The ORR was 64.8% (Table 2) including six CRs (8.5%) and 40 PRs (56.3%); 10 patients experienced SD (14.1%) and 10 patients experienced PD (14.1%). Per the cohort definition, no patients in cohort 1 had discontinued 1L lenvatinib at the time of data cutoff and thus PFS/OS data were not available for this cohort.
Characteristics and Outcomes for Cohort 2
Demographic and clinical characteristics of cohort 2 are presented in Table 1. The majority of patients were female (57.5%), white race (76.2%), diagnosed with papillary DTC (56.4%), and diagnosed at either stage III (24.9%) or stage IV (39.2%). The mean cumulative dose of iodine-131 received prior to initiation of lenvatinib was 216.8 mCi (standard deviation = 230.7). Mean time from initial diagnosis to RAI-r disease was 29.8 months (SD = 26.7) and from initial diagnosis to initiation of 1L lenvatinib was 32.0 months (SD = 28.7). The majority of patients initiated lenvatinib at 24 mg once daily (93.4%). Although rates of genetic testing were very similar between cohort 1 and cohort 2, a higher proportion of cohort 2 patients tested positive for BRAF (48.1% versus 27.3%), RAS (50.0% versus 17.9%), RET (41.8% versus 18.2%), and PTEN (2.0% versus 0.0%) while a lower proportion were positive for PI3K (9.1% versus 10.7%). Approximately 48.2% of mutational testing occurred prior to the development of RAI-r disease and 51.8% post RAI-r. Mean follow-up from initiation of 1L lenvatinib in cohort 2 was 20.5 months (SD = 6.0). Dose reductions were reported in 11.1% of patients (n = 20), 19/20 were due to toxicity, and 17/20 reductions were from starting dose of 24 mg, one from starting dose of 20 mg, and two from starting dose of 16 mg. Fifty percent of patients with a dose reduction after starting at 24 mg reduced to 20 mg.

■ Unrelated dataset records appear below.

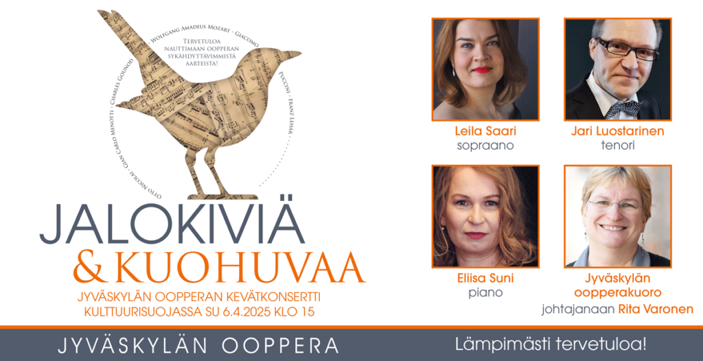 Tervetuloa nauttimaan oopperan sykähdyttävimmistä aarteista! Luvassa on unohtumaton iltapäivä, jossa sävelet säihkyvät kuin jalokivet ja tunnelma kuplii kuin keväinen kuohuva. Konsertissa kuullaan oopperamusiikin rakastettuja aarioita ja duettoja sekä upeita kuorokohtauksia. Tarjoilemme myös maistiaisia tulevasta Lucia di Lammermoor -oopperasta!
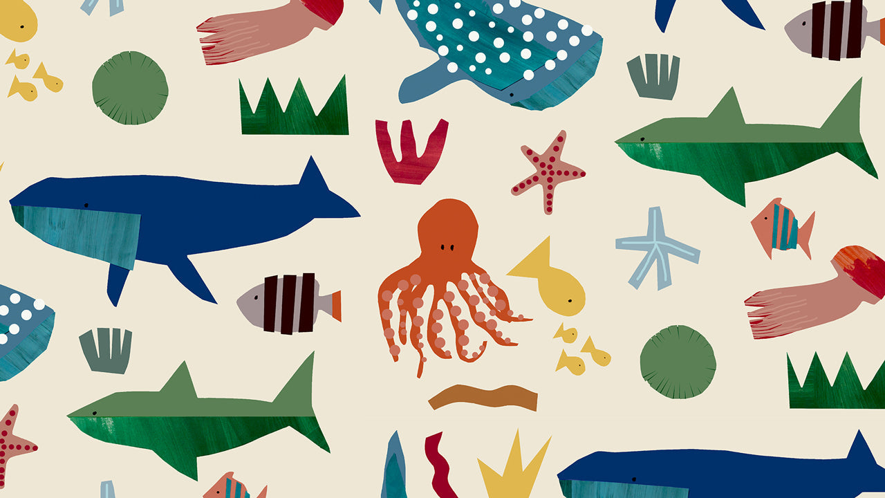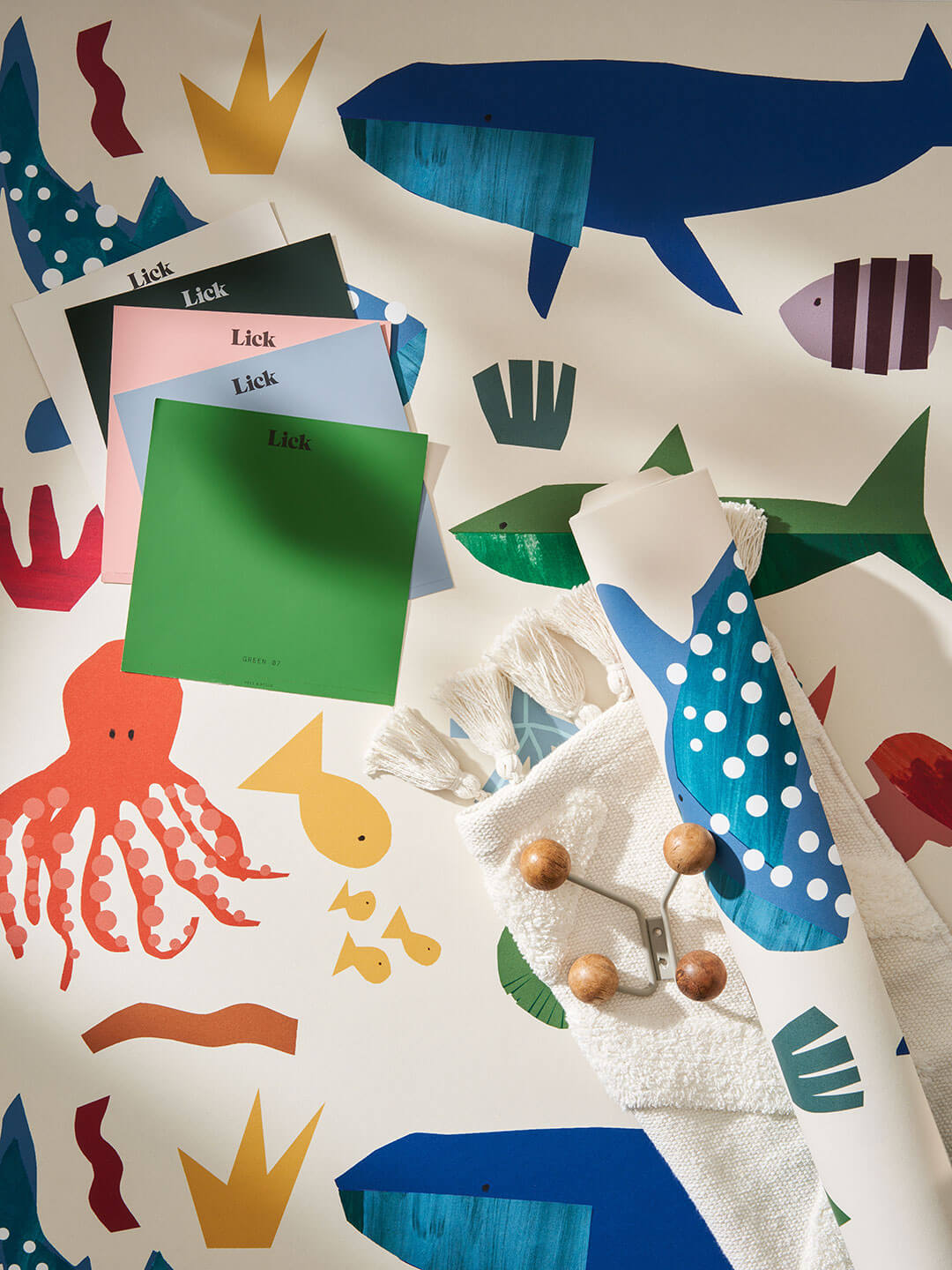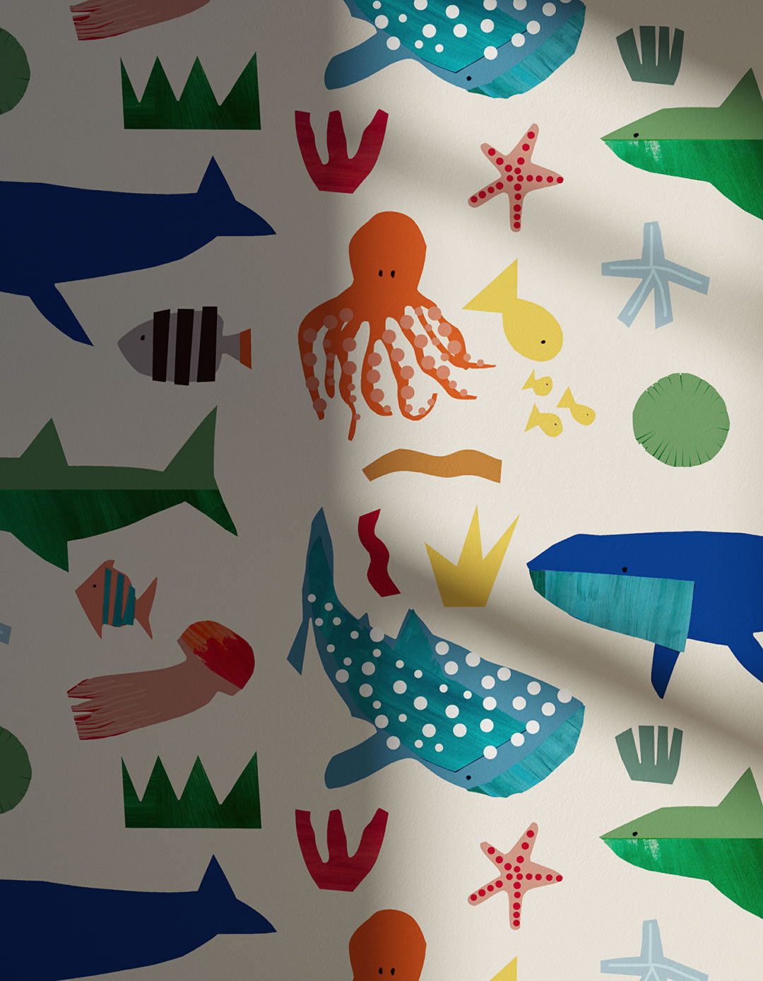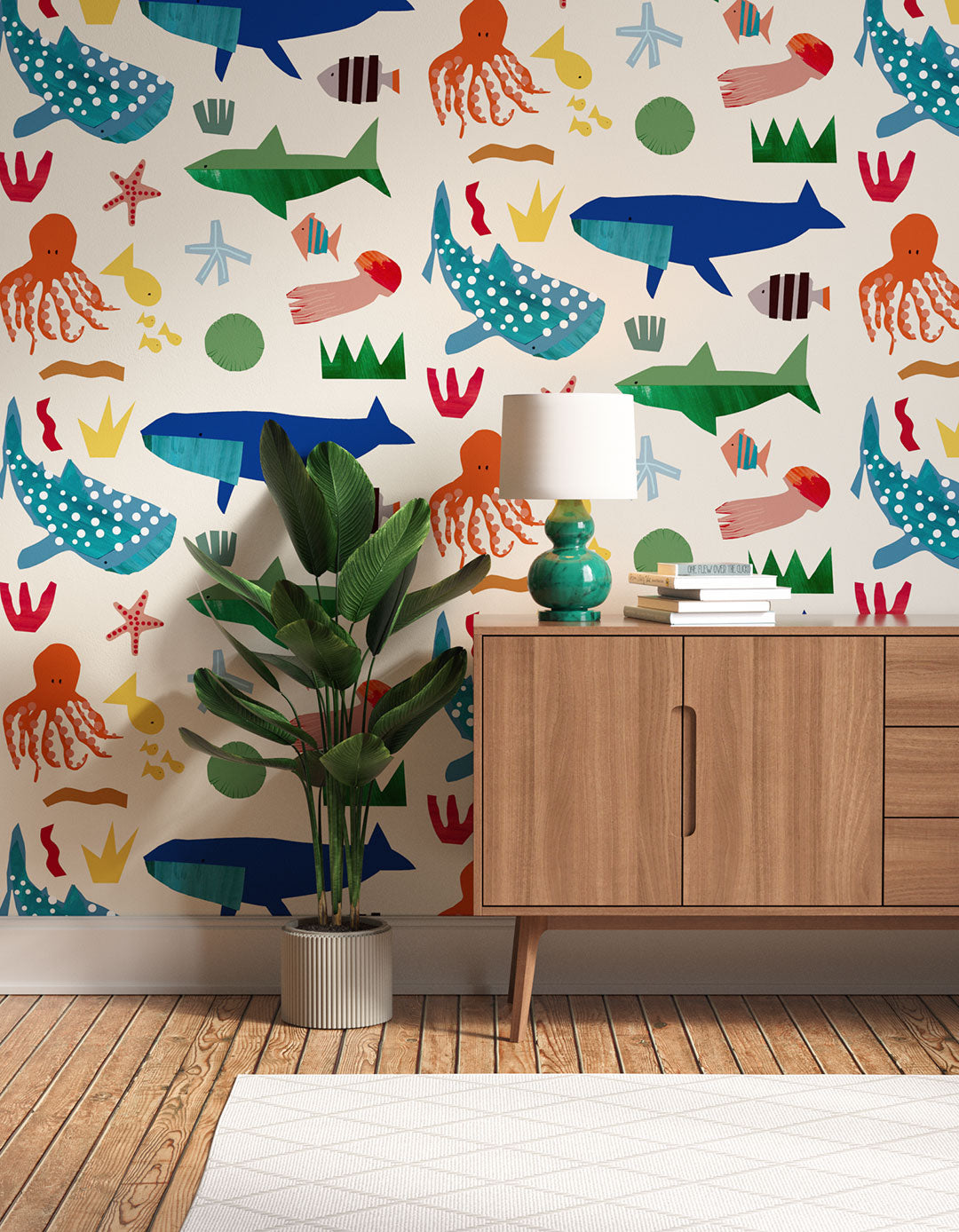 Celebrate all things in the ocean world with Marine 02, our under the sea nursery wallpaper. Set against a sandy background, colourful starfish dip and dodge between friendly whales and sharks for an energetic scene of blues, greens and pinks. Available in a paste-the-wall roll and sample.
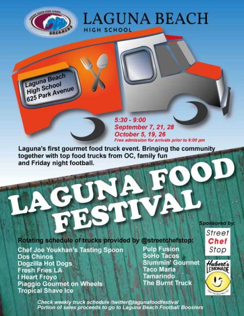 The “Laguna Food Festival” event will take place at Laguna Beach High School on Fridays in September and October.  It will run from 5:30-9pm during the football games, with a portion of proceeds going to the Laguna Beach Football Boosters
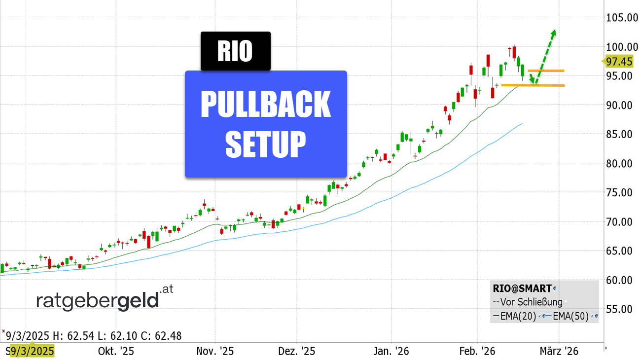 Rio Tinto ist als einer der Big Player bei den Basismaterialien sowohl geografisch als auch hinsichtlich der Rohstoffe bestens aufgestellt und partizipiert an der aktuellen Rallye. Nach einem tödlichen Arbeitsunfall hat der britisch-australische Konzern sein Schlüssel-Eisenerzprojekt Simandou in Guinea vorläufig gestoppt. Die Untersuchungen laufen, während ein zentraler Wachstumstreiber pausiert und gleichzeitig schwache Eisenerzpreise auf die Stimmung drücken. Charttechnisch sieht alles intakt aus, allerdings läuft die Rallye bei den Rohstoffen schon sehr lange, sodass ein solcher Vorfall durchaus eine Sektorrotation in Gang setzen könnte.
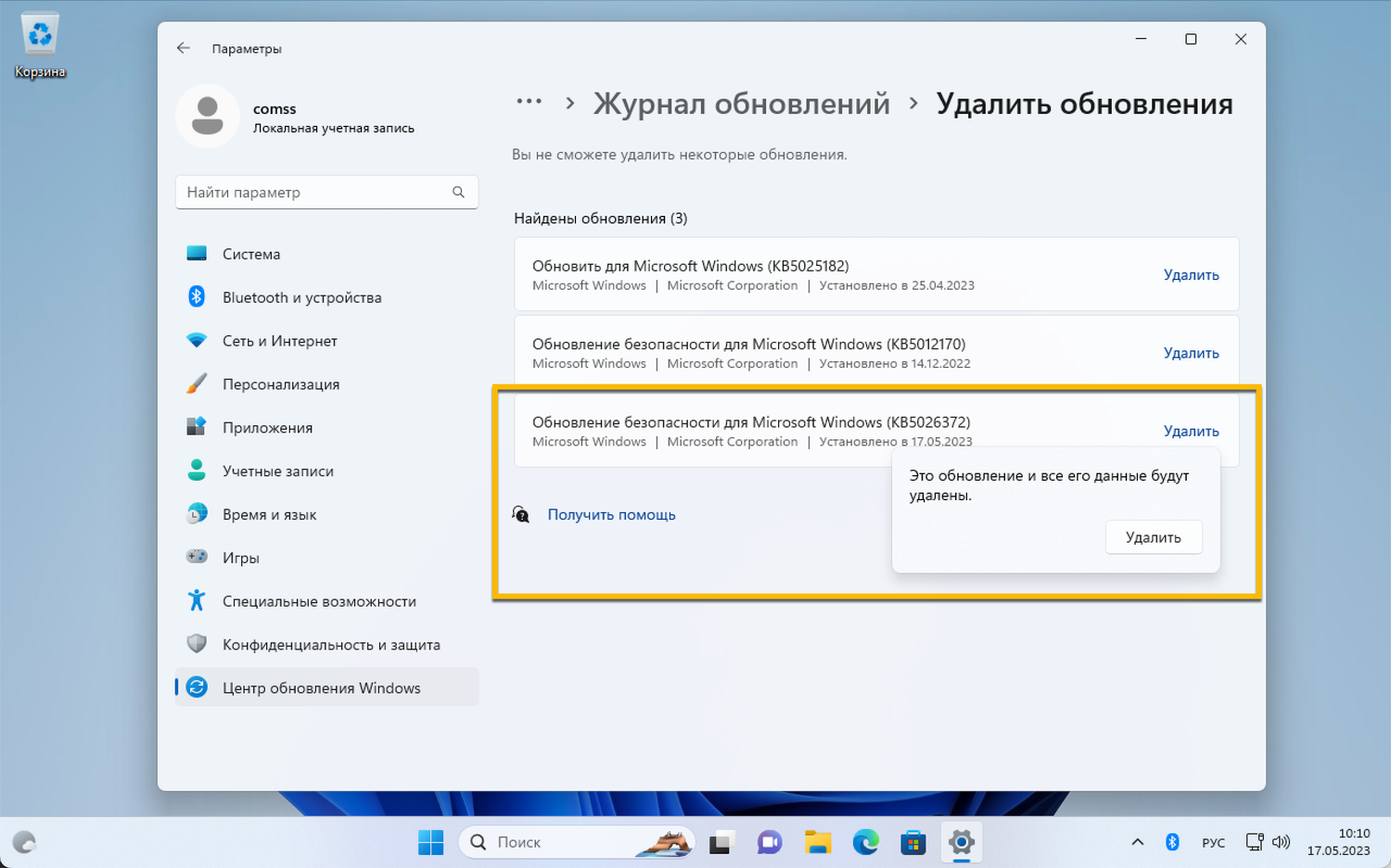 - Найдите в списке Обновление безопасности для Microsoft Windows (KB5026372) и нажмите Удалить.

As defined by the study inclusion criteria, all patients in cohort 2 had discontinued 1L lenvatinib and initiated 2L therapy. Of the 181 patients, 162 (89.5%) discontinued 1L lenvatinib as a result of disease progression, 16 (9.8%) as a result of patient request, and 3 (1.7%) as a result of toxicity. The ORR to 1L lenvatinib in cohort 2 was 53.6% (Table 2). Median PFS from initiation of 1L lenvatinib in cohort 2 was 14.0 months (95% CI 12.7–15.0) (Table 3). Median time to progression was 13.7 months among patients who discontinued 1L lenvatinib as a result of disease progression (n = 162). At 6 months post 1L lenvatinib initiation, 86.0% (95% CI 80.9–91.1%) of patients were progression-free, at 12 months 60.3% (95% CI 53.0–67.6%), at 18 months 21.2% (95% CI 14.8–27.5%), and at 24 months 2.1% (95% CI 0.0–4.5%).
The most common 2L treatment regimen following 1L lenvatinib was sorafenib (49.7%) followed by cabozantinib (19.3%). Additional therapies received in 2L (n = 56) in order of frequency were pazopanib (n = 15), sunitinib (n = 10), vandetinib (n = 8), paclitaxel (n = 7), axitinib (n = 6), dabrafenib/trametinib combination (n = 5), and pembrolizumab (n = 2). The mean follow-up from initiation of 2L was 7.1 months (SD = 5.3). The ORR to 2L therapy was 15.5% (Table 4) and by treatment regimen, 2L ORRs were 11.1% for sorafenib, 14.3% for cabozantinib, and 23.2% for other 2L therapies.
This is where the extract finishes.